How can I replace 1s in a binary array with natural numbers, maintaining the position of 0s?

Question

I'm using Numpy and SciPy. I have two arrays, the first of which is binary, the second a consecutive range of natural numbers from a to b e.g.

mask = np.array([1, 1, 1, 1, 0, 0, 1, 0]) # length of 8, with 5 ones and 3 zeros
vals = np.array([2, 3, 4, 5, 6, 7, 8, 9]) # length of 8, only first 5 values will be used in this case - corresponding to the 5 ones in the first array

I'd like to essentially replace the 1s in the first array with the values in the second (kept in order) e.g. the required result in this example scenario would be:

result = [2,3,4,5,0,0,6,0]

I've already tried different methods with NumPy masked arrays and the vectorise function. My current solution is below, but in order to maintain the state, I've had to introduce a global variable!

global count
count = 0
def func(a,b):
    global count
    if a ==1:
        return b - count
    else:
        count +=1
        return 0
v_func = np.vectorize(func)
result = v_func(mask, vals)
print result

Is there a more elegant way of doing this, (ideally using NumPy)?

(Side note, the real arrays I'm working with are very large and so my solution needs to be sensitive to the amount of memory consumed - obviously I can convert to sparse arrays, but I've still hit memory errors a couple of times trying to find different solutions.)

Answer 1

Here is a one liner, though I must say it is not an optimized way and not very elegant.

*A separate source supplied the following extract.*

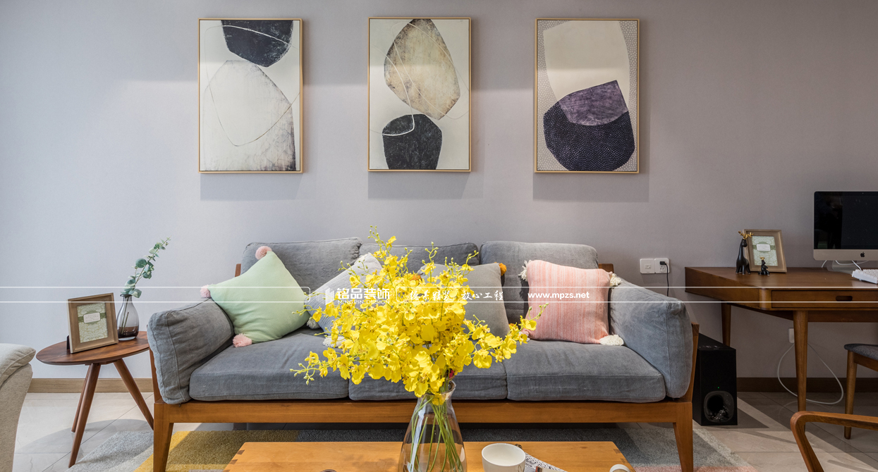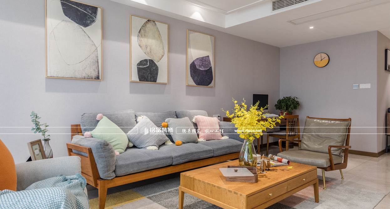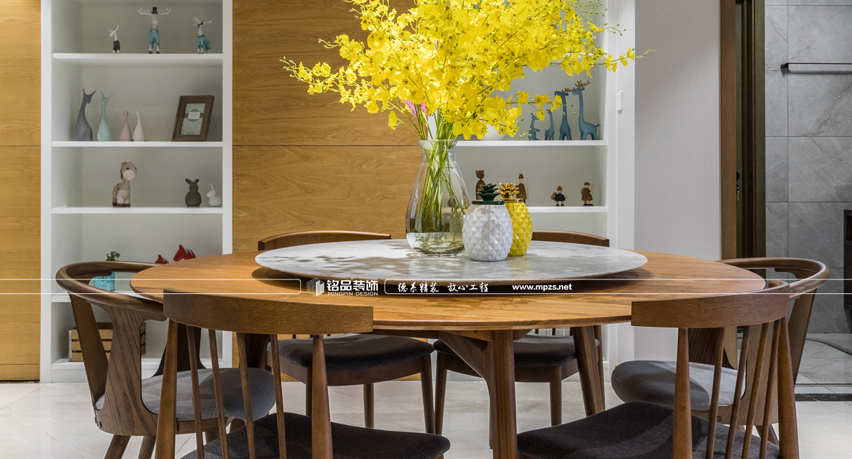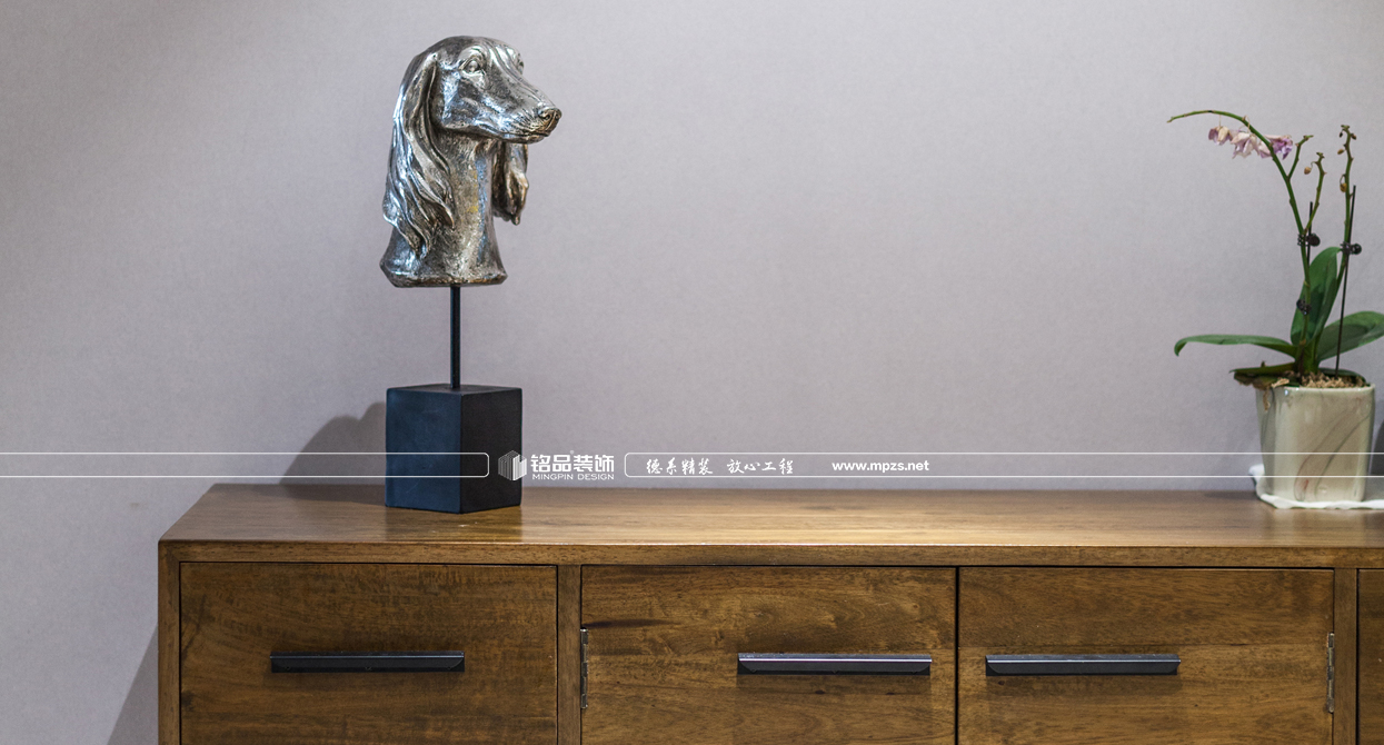 通過材質(zhì)的運用,把空間進行合理的劃分,完美呈現(xiàn)出北歐風(fēng)格的靈魂。延續(xù)硬裝設(shè)計與材質(zhì)上奠定的雅致,在沉穩(wěn)的空間基調(diào)上,植入生動的軟裝表現(xiàn)手法。以步步帶入的層疊關(guān)系逐步渲染出整個空間的格調(diào)與品質(zhì)??蛷d大面積大灰白石材背景的利用,增加了空間的層次感,墻面掛裝飾畫使墻面看起來不會過于蒼白,更加生動豐富,優(yōu)雅又有藝術(shù)氣息,提升格調(diào),讓空間中的重點之處富有活力,固定式的石材地臺取代傳統(tǒng)的電視柜給人以簡約大氣感覺,整個空間以灰調(diào)做底配上原木系家具,使整個房子生動而富有情感,讓身心放松自在。
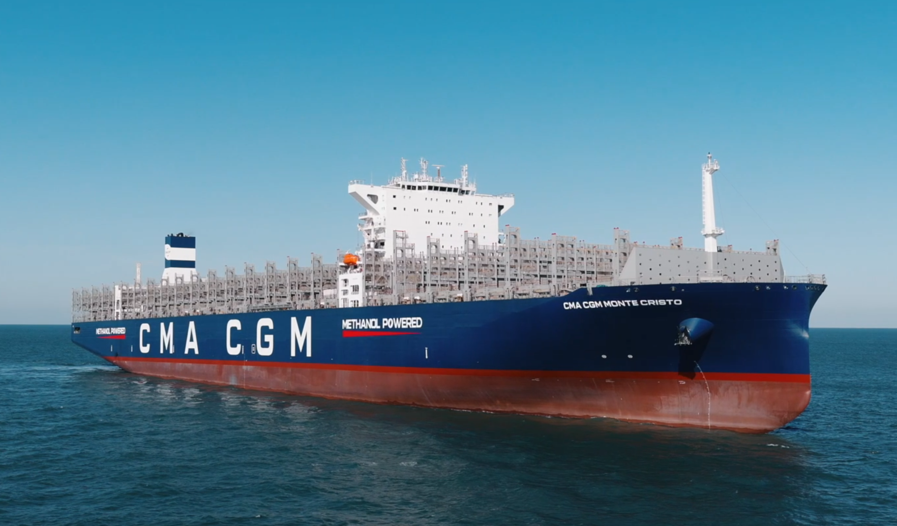 近日,15000TEU甲醇双燃料动力集装箱船“CMA CGM MONTE CRISTO”号交付。该船由大连造船下属大船天津建造,中船物资恒宇能源公司提供“评估、加注、驳运”一站式全链条服务。

But you can examine it for practice purposes.

a = [1, 1, 1, 1, 0, 0, 1, 0]
b = [2, 3, 4, 5, 6, 7, 8, 9]

c = [b[sum(a[:i])] if a[i] else 0 for i in range(len(a))]
print c
# Gives [2, 3, 4, 5, 0, 0, 6, 0]

Answer 2

Here's one way:

In [15]: result = np.zeros_like(vals)

In [16]: result[mask > 0] = vals[:mask.sum()]

In [17]: result
Out[17]: array([2, 3, 4, 5, 0, 0, 6, 0])